Many signs, of course, said, “I am Charlie.” Some showed the famous cartoon the magazine published in the wake of being firebombed. “Love is stronger than hate.” That cartoon was hardly as treacly as the words might make it sound. The French are not treacly, and Charlie Hebdo was anything but. The genius was the depiction of the lewd and drooling wet kiss between a cartoonist, carrying his pencil, and an equally lecherous man in an Islamic skullcap—against the background of the ruins of their firebombed office.

Others said, “I am French, and I am free.” Another said, “I am a Muslim. Born on French soil. Do not touch my France.” Another said, “Je suis pas manipulable.” I cannot be manipulated. I asked him what that meant: He said it meant just what it said.

Sylvain Victor, a younger man from the suburbs of Paris, told me, “Everyone has been attacked. We are united. That is the first thing. We are here to show we are not afraid.” I asked him if he was sure he wasn’t afraid. He said, “un peu de peur.” A bit of fear, yes. But then he shrugged to say, “Screw it.”

I did not know these streets could be so full. I returned to Paris last year after living for nearly a decade in Istanbul—a megacity of 20 million people. Paris had until today seemed to my eyes strangely depopulated. But today it didn’t look that way today. It was astonishing to me that everyone to whom I spoke said the same thing: that they had come to protect the values of the Republic. These values mean something very deep here.

But how to protect them? They all knew what they were. But when I asked how, specifically, they were unsure. The aging communist, predictably, said the answer must somehow involve freeing Mumia. The mood was such that I was able to explain to him exactly what I felt about both communists and Mumia—and we could both laugh, and agree that what had happened was insupportable to us both, and we were also both on the verge of tears.

A middle-aged woman named Gabrielle Lopez said, “I am here to protect the Republic. To protect our liberty.”

But how, I insisted? How, exactly? I was thinking of that undefended Cathedral, of the hopelessly inadequate police presence. At one moment I thought for a hopeful split second that I had seen one of the promised snipers on a balcony above the street. On closer inspection, I saw that it was just a television camera. I know what a police state feels like. I lived in one for years. France isn’t a police state. It wouldn’t have the first clue how to be. But what short of that could protect everyone here who needs protection?

“I don’t know,” Lopez admitted. “That’s up to them.” By “them,” she meant the politicians. Did she think they would have any better idea?

“I hope so,” she said. Her tone of her voice said “no.”

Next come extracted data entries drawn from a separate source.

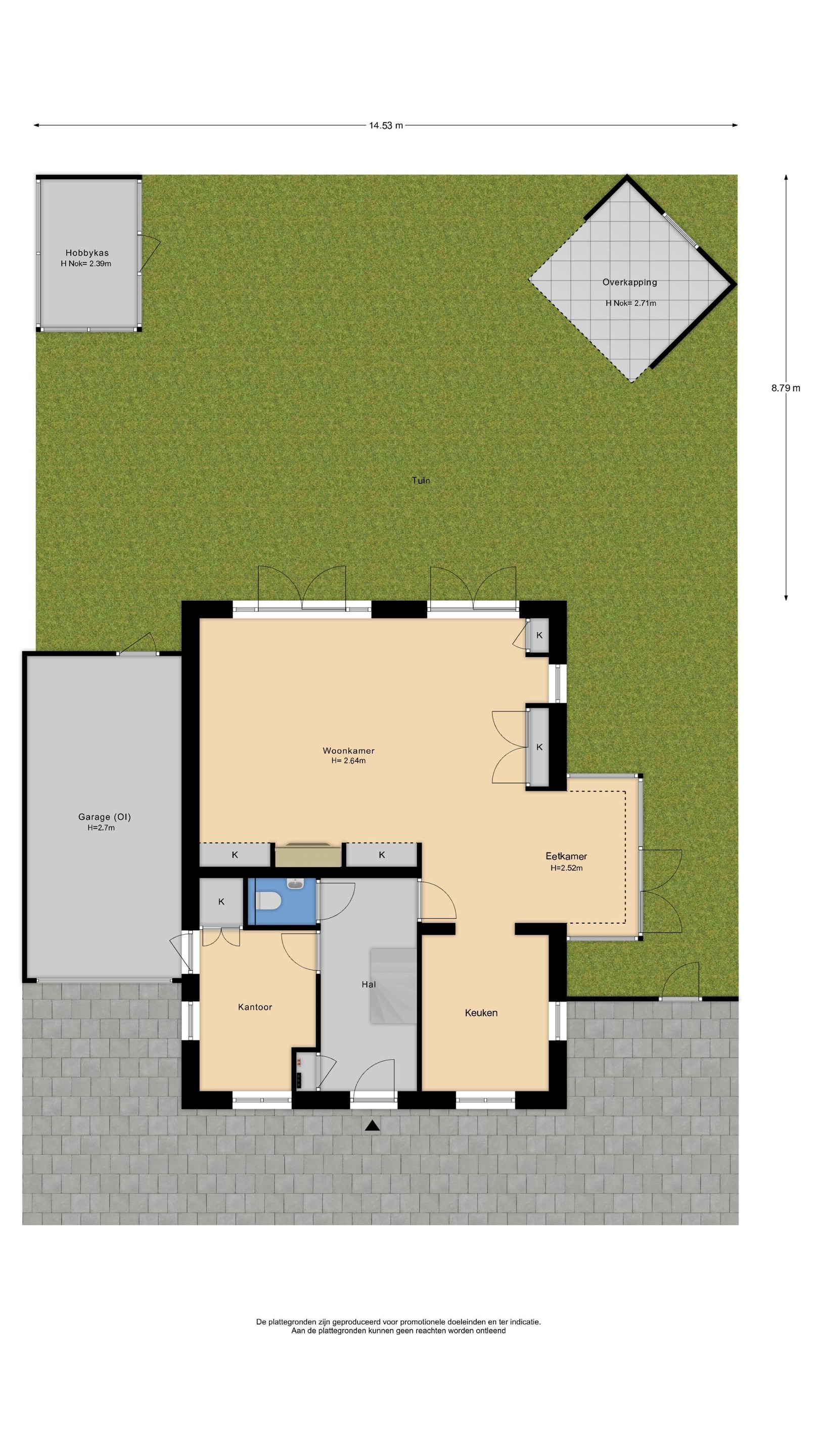 * Inpandige garage circa 21,7 m2 (6.80 x 3.20)
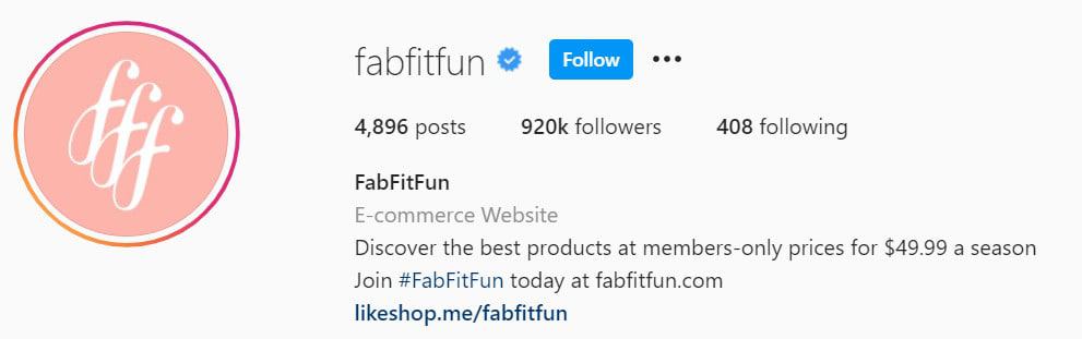 Aquí hay un ejemplo de una biografía de Instagram que contiene la categoría de comercio electrónico:
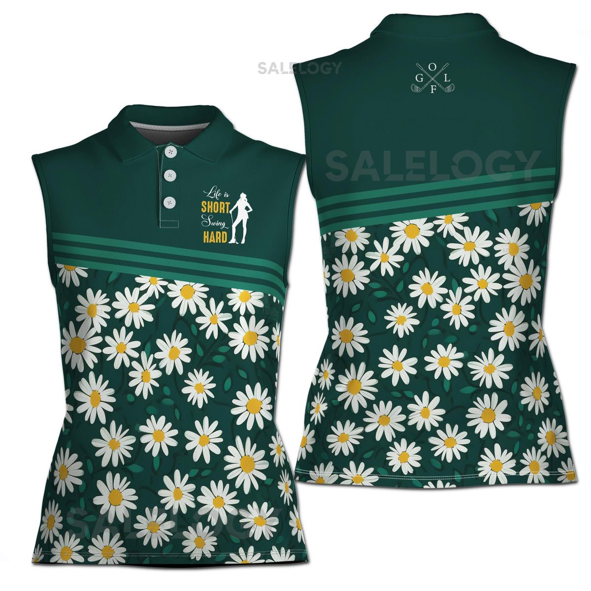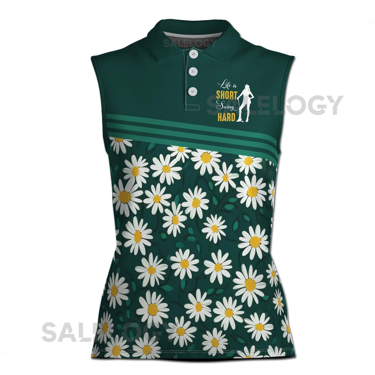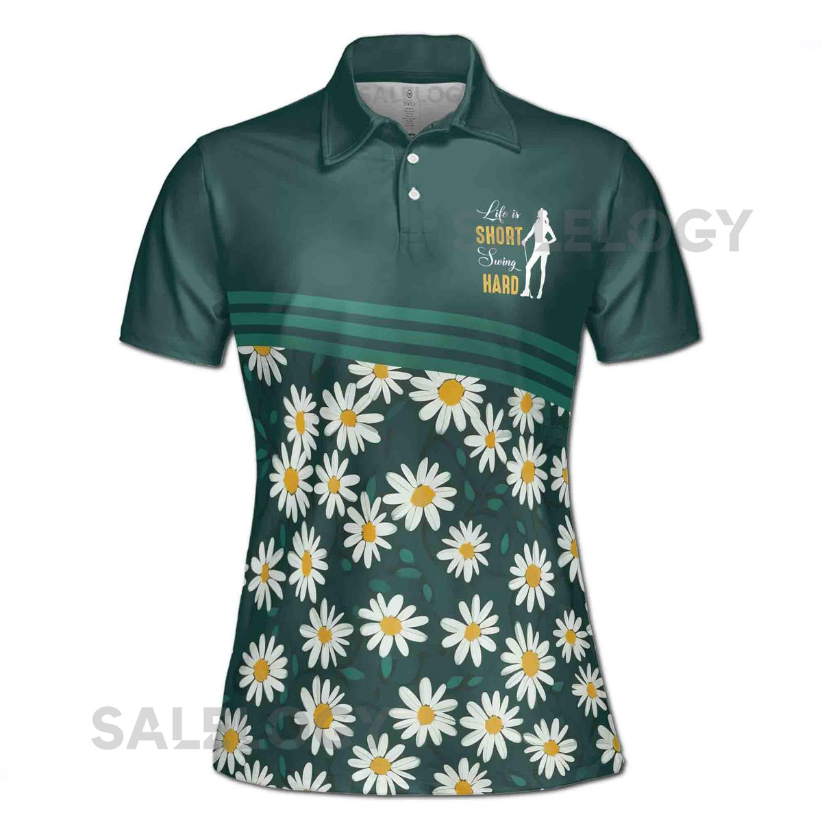 Life is Short Swing Hard Flower Daisy Golfer Women39s Polo Shirt S-5XL_515
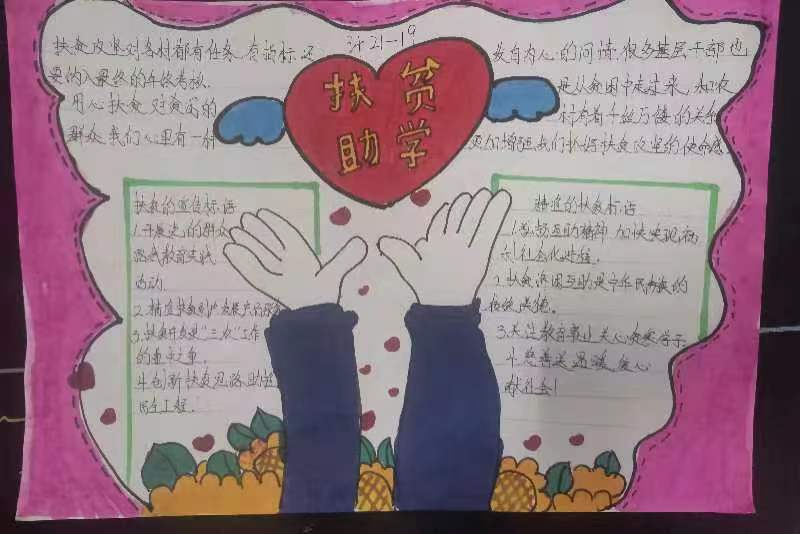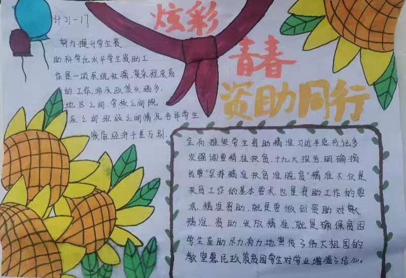 通过这次以班级为单位的宣传活动,加强对家庭经济困难学生资助政策的宣传,确保资助政策家喻户晓,深入人心。手抄报活动的开展,有利于我们引导全体学生深入了解到国家资助政策。激励家庭困难学生克服困难、励志成才、心怀感恩、努力学习,不辜负党和国家的培育之恩.
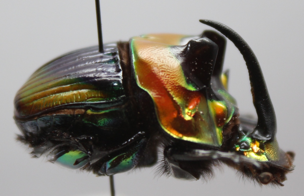 Per quanto riguarda la colorazione metallica di quasi tutti i Phanaeini riporto quanto affermato da Kevina Vulinec (Florida University): "En los escarabajos de estiércol (Phanaeine), la cabeza y la coraza protorácica reflejan una luz visible y una iridiscencia ultravioleta que se observa mejor desde una posición de frente al insecto. El cuerno de los machos, un poco menos iridiscente, forma una silueta contra la coraza protorácica. Si consideramos que el tamaño del cuerno del macho refleja el tamaño corporal, este mecanismo pudiera ser dirigido a competidores sexuales en interacciones agonistas. Las superficies protorácicas anchas y reflejantes presentes en los machos, pudieran también ser preferidas por hembras eligiendo su pareja sexual, quienes cooperarán en el cuidado futuro de su progenie..." - Florida Entomologist 80(2) 1997 June - :
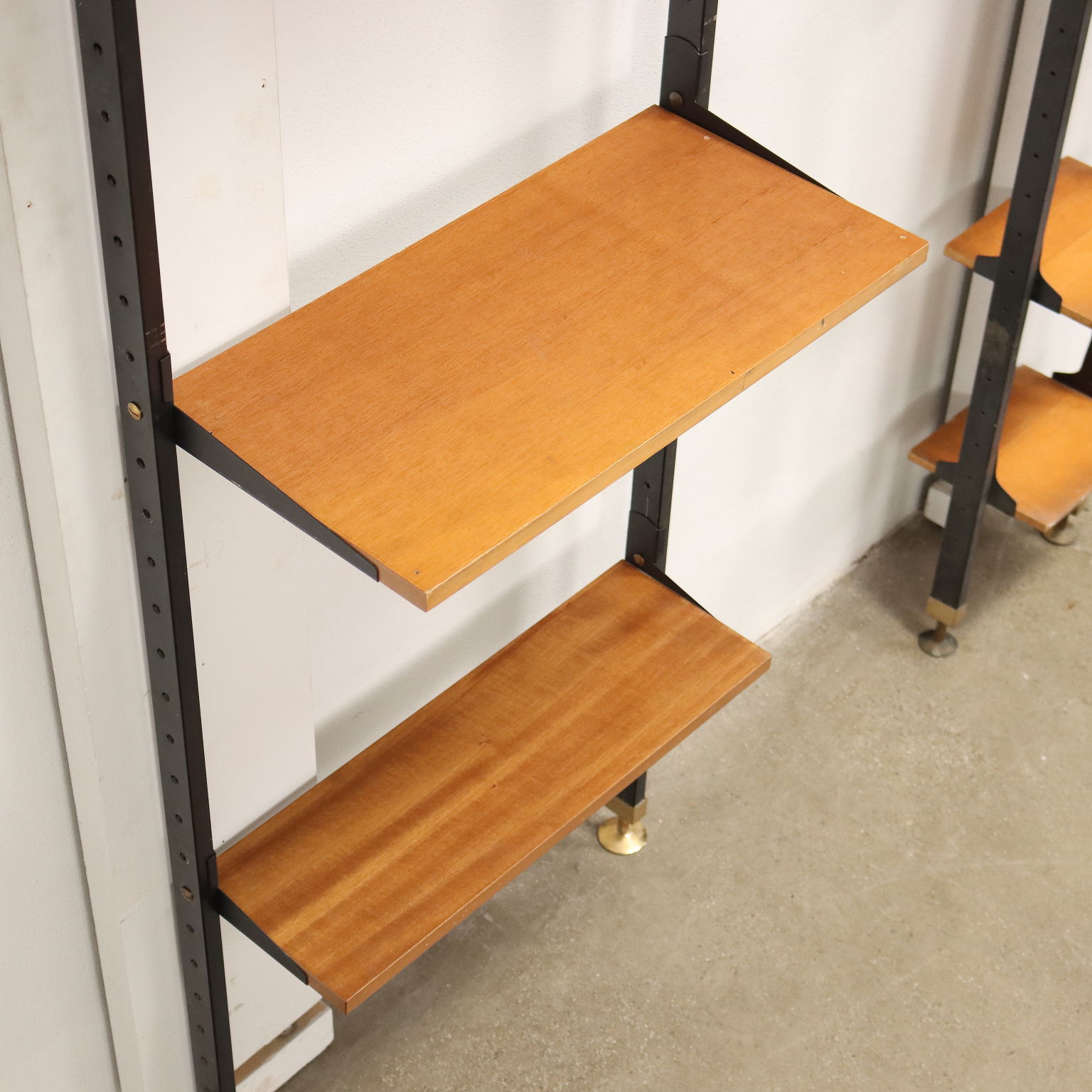 Descrizione Gruppo di 3 librerie non uguali, con ripiani a posizione regolabile; legno impiallacciato, montanti in metallo smaltato, terminali in ottone.
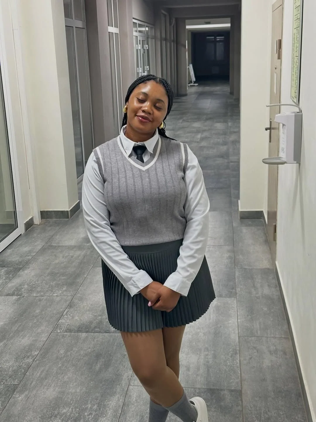 The addition of a slim black tie adds a touch of academic polish, while the combination of knee-high socks and white sneakers keeps the look youthful and campus-appropriate. This versatile outfit strikes the perfect balance between smart and casual, making it ideal for transitioning from lectures to social activities.

Yesterday, one of the cartoonists who survived, Bernard Holtrop—his pen name is Willem—said something perfect. It summed up Charlie Hebdo: “We vomit on all these people who suddenly say they’re our friends.” That was exactly what you’d expect from them. It was exactly why they were so important in a world where people are afraid to say anything for fear of causing offence—and where, in particular, they are afraid of saying the obvious.

The rally was mostly quiet, and all the more moving for that. There were occasional bursts of applause—spontaneous, just shows of some kind of solidarity—and calls of “Charlie, Charlie.”

The streets—the whole city—were thronged with quiet, dignified, and civilized people who had come to protect the values of the republic and had no real plan for doing so beyond knowing for sure what those values were.

But they were there in such numbers that I wound up stuck for a good hour on the crossroad of one those old Haussmannian boulevards, the kind lined by staid apartment buildings with terraced balconies, and rows of leafless chestnut trees like somber skeletons. Everyone around me was exhausted and red-eyed, almost to the last. At one moment, though—I don’t know why—the Ode to Joy began pouring from one of the apartments above the street. When that famous overture–and all it represents—came pouring from above, there was indeed something about it that I suspect might have moved even Willem.

Had the sniper I thought I had seen proved to be exactly that, I would have been even more moved.